共感性、思いやりはどうやって育つのでしょう。
生後1~2か月になると、赤ちゃんは授乳中などにお母さんの顔を見てニッコリ笑うようになりますね。
それは、単に表情のマネしているのではありません。お母さんのほほえみの奥にある、幸福感や喜びに共感しているのだと言われています。
「共感する力」は、この時期すでに芽生えているものなのです。
生後2~3か月になると、赤ちゃんは「お母さんにいつもそばにいてほしい」と思うようになります。
お母さんがいなくなると泣くのはそのためです。
そして、生後3~4カ月になると、「そばにいるだけでなく、私の喜ぶことをしてほしい」という欲求が出てきます。

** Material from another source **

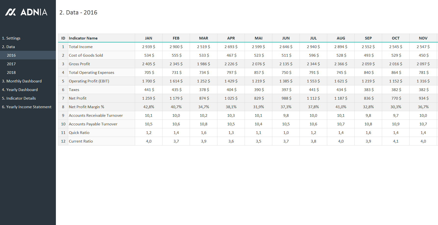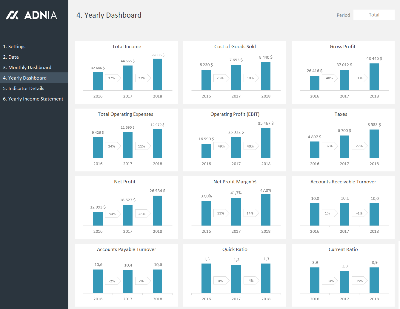 - Compare up to 3 years of financial data and 12 key indicators, all in one place
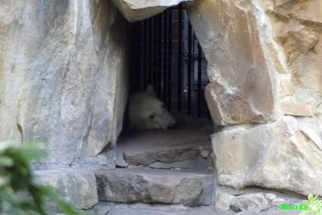 Ich bin heute Abend kurz auf eine Stippvisite in den Zoo, weil ich sehen wollte, ob Knut noch auf seiner alten Anlage ist. Er war da und wartete auf sein Abendessen. Danach ließ er sich draußen nicht mehr blicken. Er friemelte in der Höhle und schaute ab und zu mal heraus.

抱っこしてほしい、おんぶしてほしい、あやしてほしいなど、そばにいてくれるだけでは満足できなくなるのです。
さらに、生後5か月くらいになると、「私が喜ぶことをするだけでなく、お母さんも喜んでやってほしい」という感情が生まれてきます。
これを「喜びの共有」といい、子どもの発達に非常に大きな意味を持ちます。
それに加えて、喜びを共有してからでないと、悲しみを共有することはできないのです。
小学生などで友だちをいじめる子がいますが、いじめる子は他者の痛みや悲しみがわかりません。
喜びの共有ができてから、悲しみがわかる。
子どもの心の発達は、順序があり、育つ時期があるということになります。